Exercise instructions: Below are some records. Write out the line that contains "Angkor Wat is spectacular." and all lines after it, exactly, but not the pictures.

• • • • • • •

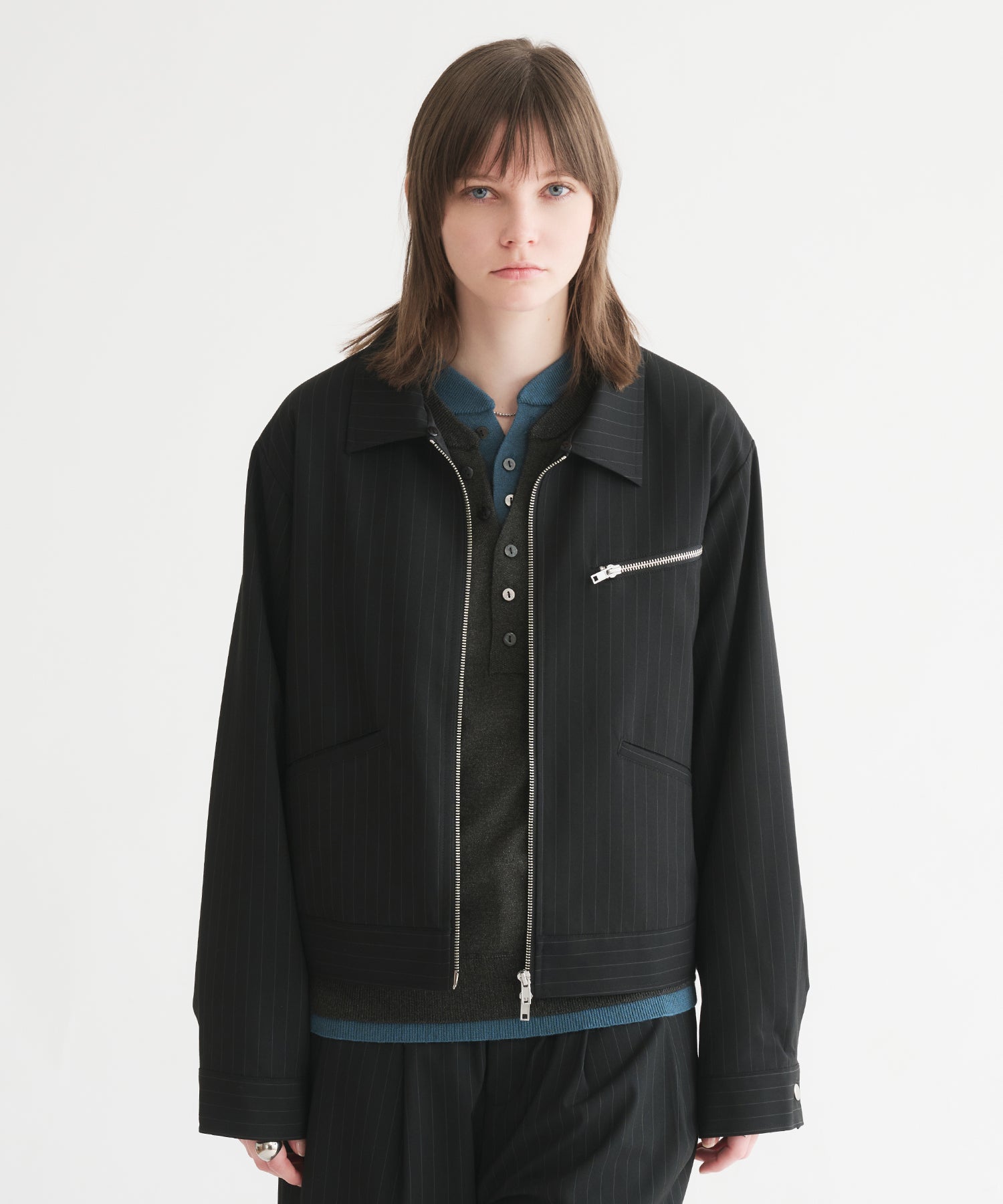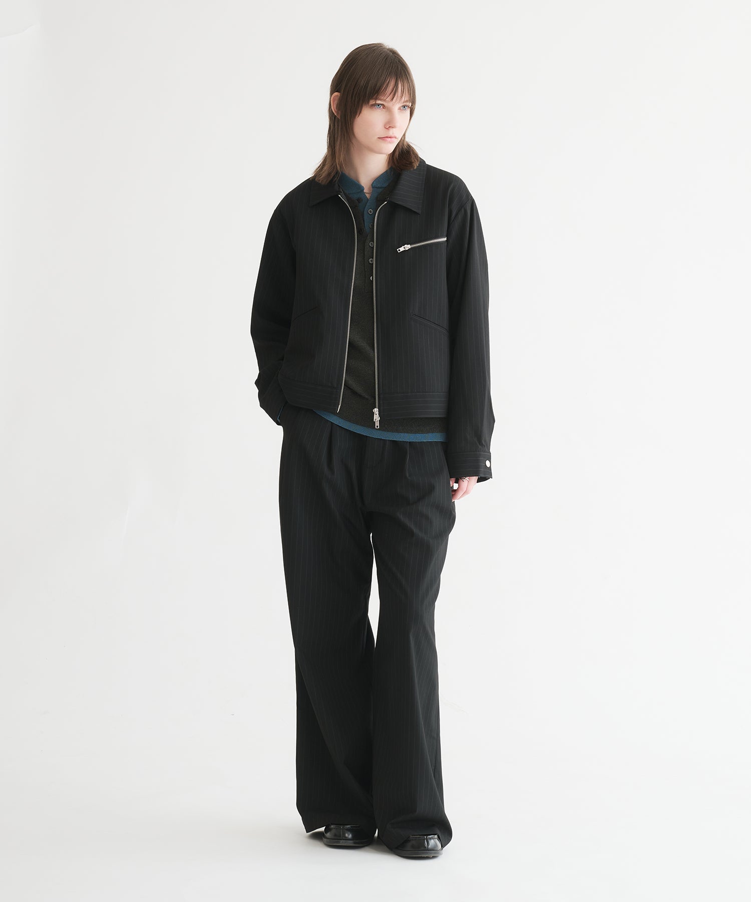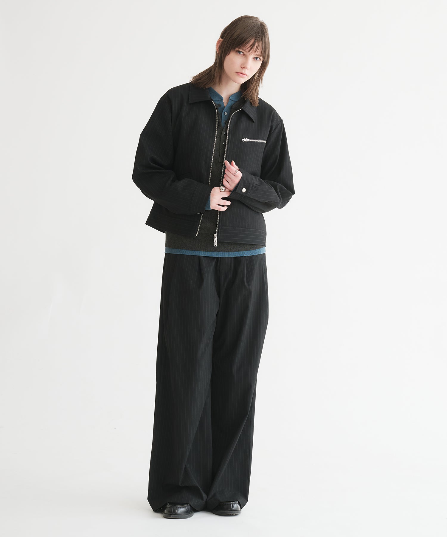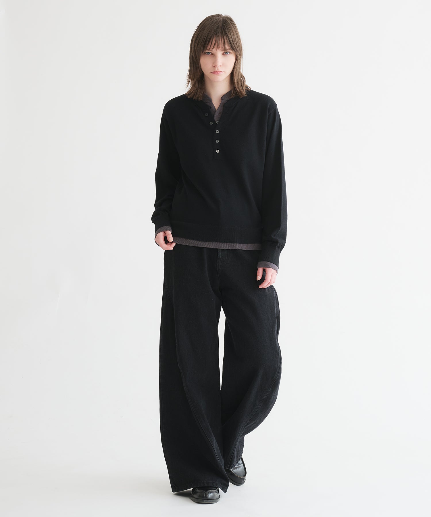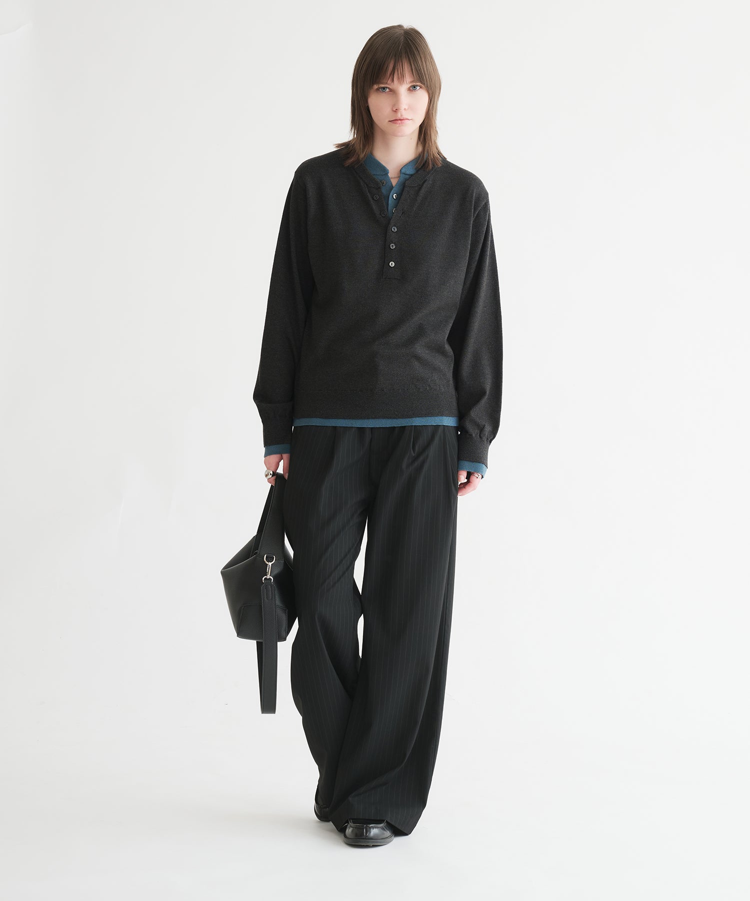 「ヘンリーネックにヘンリーネックを重ねる」という難易度の高いレイヤードを、
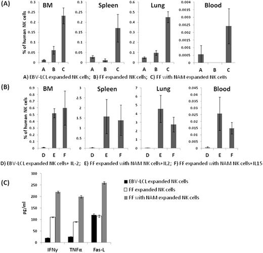 These data show human NK cells expanded ex vivo in NAM utilizing FF conditions substantially up-regulate CD62L, have enhanced inflammatory cytokine secretion against tumors, and have improved in vivo proliferation and homing to multiple organs including the bone marrow compared to EBV-LCL expanded NK cells. These differences suggest NAM expanded NK cells could have superior clinical efficacy compared to EBV-LCL expanded NK cells following adoptive transfer into patients with hematological malignancies and metastatic cancers.
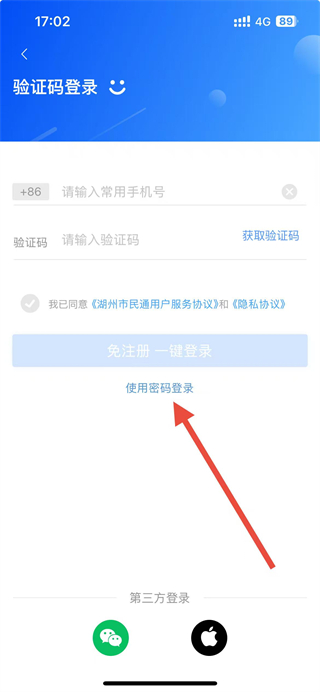 2、自动跳转到登录界面,找到并点击使用密码登录选项,切换至密码登录页面。
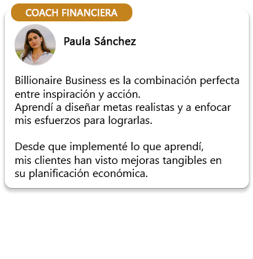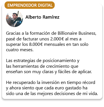 Con Billionaire VIP no solo aumentarás tus ingresos, sino que también conseguirás mayor estabilidad y libertad para llevar tu empresa exactamente al lugar que deseas.
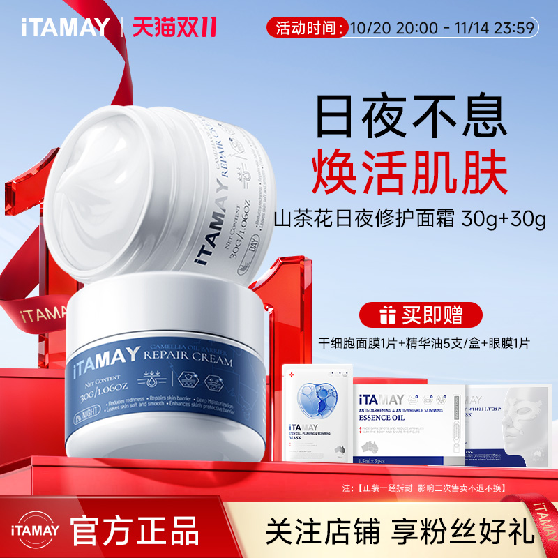 iTAMAY澳大利亚修复肌肤屏障受损修护深层补水山茶花早晚面霜套盒
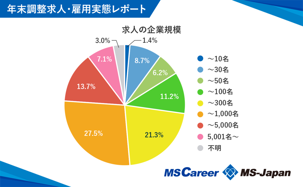 【業務に年末調整が含まれる求人の27.5%が「301~1,000名」規模の企業】
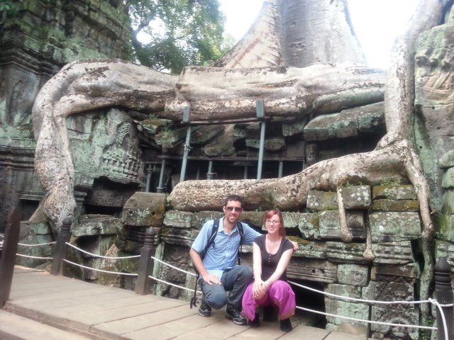 Angkor Wat is spectacular. I liked it because it was all stone, with no gaudy gold or painted decor. Walking around it felt like being in a computer game. Someone else must've thought this too, because one of the other temples in Angkor (there are 85. No matter how beautiful, that is too many temples) was where they filmed Tomb Raider. Our guide wasn't mad about the Tomb Raider temple, probably because of the media hype, but it was my favourite. Angkor Wat is much better restored and in great condition but the Tomb Raider temple belongs to the jungle now. It has huge Strangler Trees growing through it that have now become integral to its structure. I did a hilarious computer game running and jumping motion for much of our Tomb Raider tour.
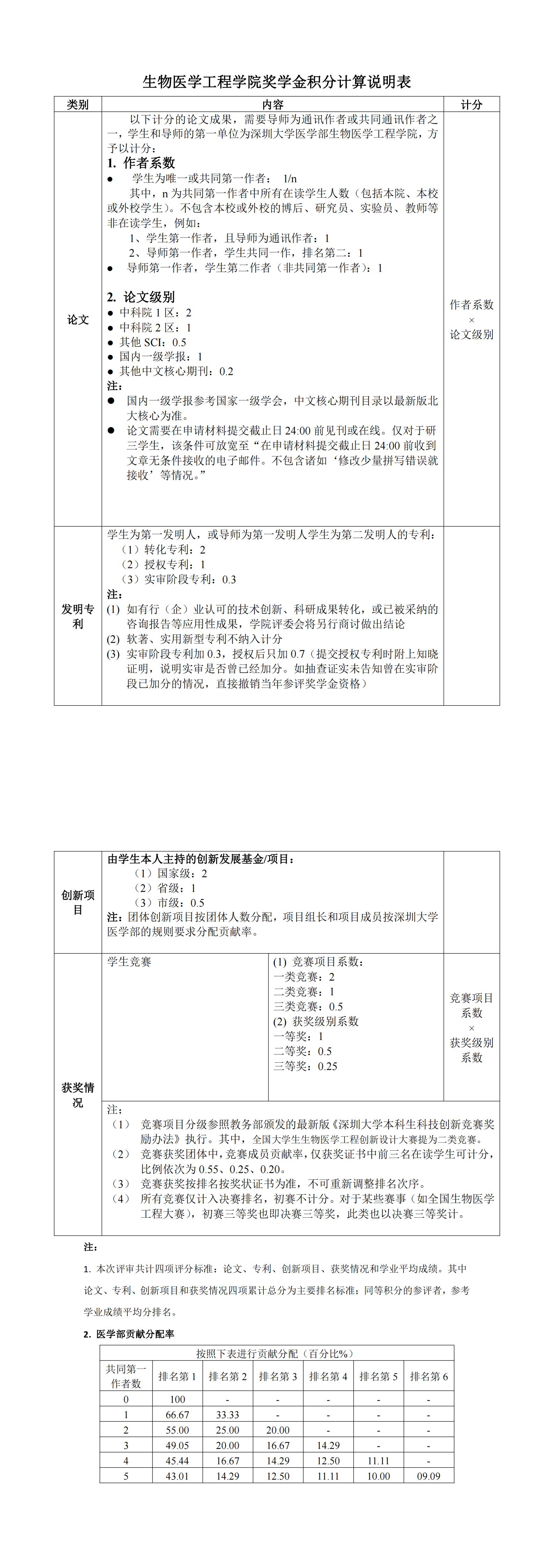 【信息公示】生物医学工程学院奖学金积分计算说明表
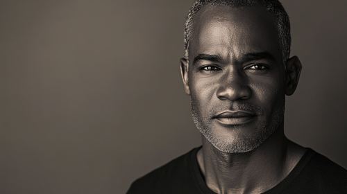 a monochrome photo high key of a dark skinned middle aged man with smooth face and short hair dramatic editorial on a gray backdrop in a photo studio --ar 16:9
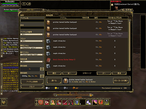 EQ2の競売所とも言えるマーケット(ブローカー)を発見です。マーケットはようやくちょっと理解できてきました。FF XIの競売所に比べると僅かに不便ですが、まああんまり物流が便利すぎるのもプレイヤー間の交流を減らす一因となってしまうので、これくらいが良いかなーという印象です。 様々なところで、EQ2はEQ1をベースとしながら既存のMMORPGからアイディアを拝借し、それを極めて次元の高いレベルで融合させているゲームだと感じます。 |

• • • • • • •

Solved problem:
 Angkor Wat is spectacular. I liked it because it was all stone, with no gaudy gold or painted decor. Walking around it felt like being in a computer game. Someone else must've thought this too, because one of the other temples in Angkor (there are 85. No matter how beautiful, that is too many temples) was where they filmed Tomb Raider. Our guide wasn't mad about the Tomb Raider temple, probably because of the media hype, but it was my favourite. Angkor Wat is much better restored and in great condition but the Tomb Raider temple belongs to the jungle now. It has huge Strangler Trees growing through it that have now become integral to its structure. I did a hilarious computer game running and jumping motion for much of our Tomb Raider tour.
 【信息公示】生物医学工程学院奖学金积分计算说明表
 a monochrome photo high key of a dark skinned middle aged man with smooth face and short hair dramatic editorial on a gray backdrop in a photo studio --ar 16:9
 EQ2の競売所とも言えるマーケット(ブローカー)を発見です。マーケットはようやくちょっと理解できてきました。FF XIの競売所に比べると僅かに不便ですが、まああんまり物流が便利すぎるのもプレイヤー間の交流を減らす一因となってしまうので、これくらいが良いかなーという印象です。 様々なところで、EQ2はEQ1をベースとしながら既存のMMORPGからアイディアを拝借し、それを極めて次元の高いレベルで融合させているゲームだと感じます。 |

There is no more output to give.